Moderator Kris Dick, director of the village said they have turned this piece of land at the university into a designated “lab” to help them get around constantly applying for permits from the city.

With use of the land, and support from companies such as Manitoba Hydro, the engineering school will have more openings for internships.

“No more working at Subway or Tim’s to pay for your schooling,” Dick said.

The approximately 1.5 acres will be the future home of many structures each featuring different systems of building, heating and waste management.

“Our goal would be about nine students per year once the program gets going,” said Dick. And it won’t just be restricted to engineering students. He hopes to entice disciplines such as architecture and environmental studies.

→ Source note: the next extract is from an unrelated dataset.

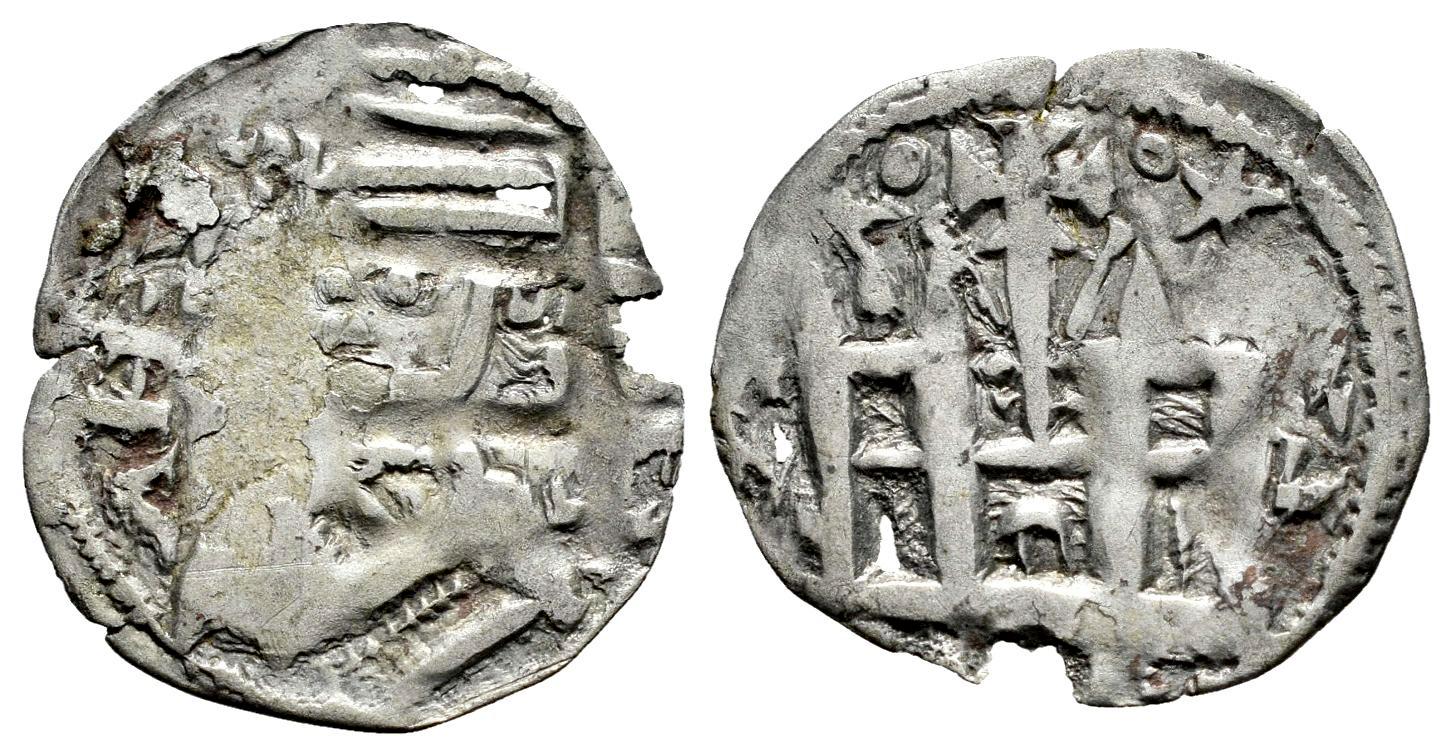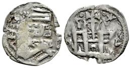 Reino de Castilla y León. Alfonso VIII (1158-1214). Dinero. (Bautista-312.2, como puntos). Ve. 0,63 g. Estrellas sobre el castillo. Roeles a cada lado de las estrellas. Escasa. MBC-/MBC. Est...50,00.

Right now time spent at the village is time away from other important issues.

“What typically happens that those of us who are trying to make it work fit it in to our schedules,” he said. He hopes that will change as interest grows.

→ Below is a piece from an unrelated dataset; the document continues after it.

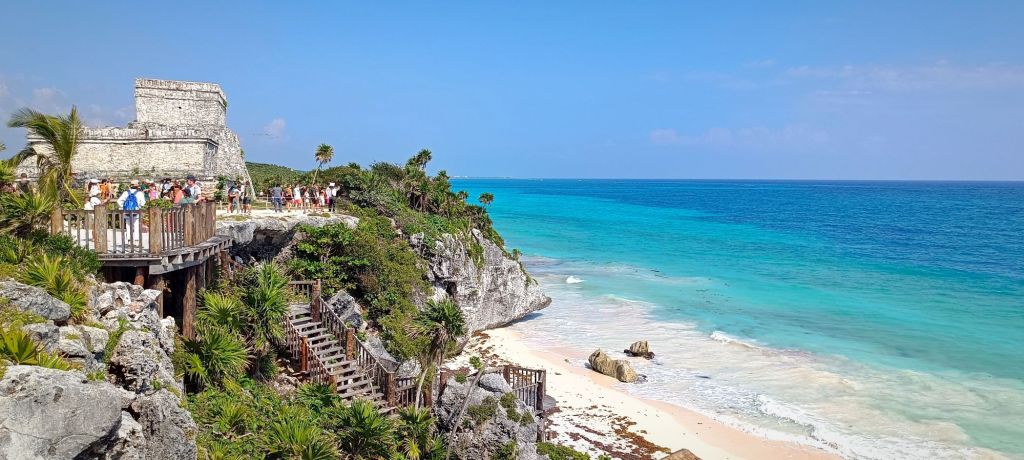 Tulum to jedyne miasto Majów wybudowane nad samym Morzem Karaibskim. Kontrast między soczystą zielenią trawy, błękitem morza a złocistymi piaskami u podnóża klifów robi ogromne wrażenie. Jednak magia tego miejsca może zniknąć w mgnieniu oka przy pochmurnej, wietrznej pogodzie – stąd jego miejsce dopiero na piątej pozycji. Odwiedzając Tulum, warto przejść się nie tylko po centralnej części ruin, ale także wzdłuż klifowej trasy spacerowej, skąd roztaczają się malownicze widoki, dojść do „latarni” majów. Wizyta obejmuje również Park Jaguarów, za którego wstęp i tak trzeba zapłacić przy wejściu do ruin.

Currently Manitoba Hydro supports research on the Evacuated Tube Solar Hot Water system that one of his students is developing. Two other companies are giving their support – HiQual Engineered Structures and Enersip Structural Insulated Panels.

In the future, Dick wants more time devoted to developing partnerships with other companies.

And high on the wish list is a tie-in to agricultural projects. Dick is very interested in working with farm groups looking for ways to enhance their business using their sustainable resources.

The focus of the event held on Sept. 20, 2008 was more “appliance” based as solar panel systems, and a vertical axis wind turbine were featured. The vertical axis wind turbine design is considered as an alternative which will work well in our climate and not be prone to “icing” problems. Dick said it is just one of what they hope will be many “made-in-

Manitoba solutions.”

Dick said interns would be able to document the process of the design, including important observations for further study.

Research would focus on biosystems. However, conventional building materials could still be used when examining different systems.

Tim Krahn, jokingly referred to as “mayor” of the village said it’s important to examine systems that are tried and true in more southern climates to ensure they would actually be able to withstand the harsh Prairie winters.

Dick said the 4,200-square-foot straw bale building already in the village is a researchable building. “You can do research in and on the building,” he said.

Rising fuel costs and increased concern for the environment have heightened the trend to create more sustainable living spaces. And biosystems are a popular alternative as they are made from “renewable” resources.

Tim and Janet Kroeker recently built their home of clay and straw and hosted a group of people wanting hands-on training in building these “econests.” They lent their expertise to the event.

The Kroekers built their nest just outside of Rosa. They are employing many innovative techniques to ensure adequate warmth in winter and nice cool temperatures in summer. They plan to use the sun for their energy requirements.

Dick said there is no reason for requirements to be modest. You can be off the grid and still have high speed Internet.

In fact, high speed Internet is an integral part of Kroeker’s bedding business. By using solar hot water and a propane stove their electricity demands should be minimized.